Morto! Intendi, Roberto? Morto!
— E tu?
— Io risposi: la grande responsabilità me l'assumo. Facciano.... Ti
vien male, Roberto?
— No. Continua.... L'amputazione?
— Fu eseguita or sono due giorni.
L'Adele era ritta davanti una seggiola tenendosi forte alla spalliera.
Io mi copersi il viso con le mani ed esclamai:
— Povero il mio Giovannino! Povera creatura! E ha potuto resistere?
— Gli si fece respirare il cloroformio. Egli mi guardò co' suoi begli
occhi pieni d'affetto e di sgomento, e mi disse: «Mamma, cos'è questo?
No, mamma, no.» Scosse il capo due volte, alzò la mano come chi vuol
scacciar via un insetto molesto, e poi cadde in un letargo. Allora....
— Oh taci. Eri presente?
— Volevano mandarmi in un'altra camera. Figurati se ci sono andata.
Rimasi là sino alla fine, pochi minuti, un secolo, non so.... Vidi
tutto, sentii tutto.... oh il suono stridulo di quella sega l'ho
qui nell'anima.... quel sangue lo vedrò scorrer sempre, sempre.... E
quando l'operazione fu terminata, e quella povera gamba che aveva tanto
patito fu gettata in un angolo come un inutile arnese, oh te lo giuro,
credetti che la mia forza d'animo m'abbandonasse e fui lì lì per cadere
come corpo morto. Ma mi sostenne un pensiero. Giovannino era assopito;
bisognava farlo rinvenire. Non dovevo esserci io, la sua mamma? Ce
ne volle a svegliarlo, sai. Due volte i medici si guardarono muti;
io guardavo loro; che momenti! che spasimo! Alla fine il bimbo mosse
un poco le braccia, aperse a fatica gli occhi e mi cercò, oh mi cercò
subito. «Mamma, non voglio più quel cattivo odore.»
— Ma alla gamba non si sentiva uno strazio?
— No.... allora no.... Più tardi....
— Oh basta, basta....
E mi misi a piangere come un fanciullo.
— Adesso, — ella soggiunse per consolarmi, — egli non sente quasi più
dolore; s'è rassegnato alla perdita della sua gamba; dice: «Brutta
gamba, han fatto bene a buttarti via.»
Io seguitavo a piangere.
— Proprio non mi perdoni? — ella riprese timidamente.

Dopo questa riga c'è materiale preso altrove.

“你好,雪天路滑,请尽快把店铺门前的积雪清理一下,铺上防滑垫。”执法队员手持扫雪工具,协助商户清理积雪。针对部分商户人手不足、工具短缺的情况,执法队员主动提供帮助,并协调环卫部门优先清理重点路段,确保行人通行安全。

— Perdonarti? — io proruppi. — Perdonare io a te?... Sei tu che devi
perdonarmi, Adele....
E avrei continuato. Ma ella m'impose silenzio.
— Non una parola di più, Roberto, non una parola, per carità.... almeno
finchè Giovannino non sia fuori di pericolo.... Sei convinto che ho
agito pel meglio e mi basta. Qualunque cosa tu soggiungessi, mi sarebbe
oggi di cattivo augurio.
— E questo pericolo fino a quando durerà?

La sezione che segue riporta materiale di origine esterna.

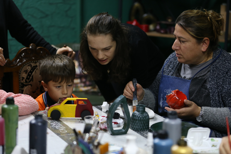 Kadınların atölyeye çocuklarıyla gelip hem keyifli vakit geçirdiğini hem de kazanç sağladığını belirten Yıldırım, "Salı ve perşembe akşamları kurslarımız var. Genelde 10 kişi kadar oluyoruz. Değişik dönemlerde gelen gruplarımız var. Geri dönüşüm yapıyoruz, kendi objelerimizi boyuyoruz. Buradaki amacımız insanların mutlu olması. Umutlarımızın tükendiği yerde böyle bir şey karşımıza çıktı. Yeniden doğmaya çabaladık ve başardık." dedi.

— Altri otto, altri dieci giorni, non si può dire con precisione. S'è
avuta tanta pazienza, abbiamone ancora.
. . . . . . .
Gli otto, i dieci giorni passarono, non senza che di tratto in tratto
Giovannino ci desse qualche ragione d'inquietudine e mettesse in
pensiero i medici. Ma, in capo a due settimane, ogni traccia di febbre
svanì, e il sedicesimo giorno, un mercoledì, oh me lo ricorderò sempre,
il dottor Allinori, che era venuto a visitare il suo piccolo malato,
strinse la mano a mia moglie in aria di trionfo, esclamando:
— Non glielo avevo detto, signora Adele, che lo avremmo salvato? Metta
dunque il suo cuore in pace dopo tante burrasche; il suo Giovannino
è salvo. Pur troppo egli crescerà senza una gamba, ma crescerà sano
e diverrà un bel ragazzo ugualmente. — Quindi, indirizzandosi a me,
soggiunse, da quell'uomo franco ch'egli era: — E lei, ringrazi sua
moglie; senza la signora Adele, il fanciullo sarebbe morto da un pezzo.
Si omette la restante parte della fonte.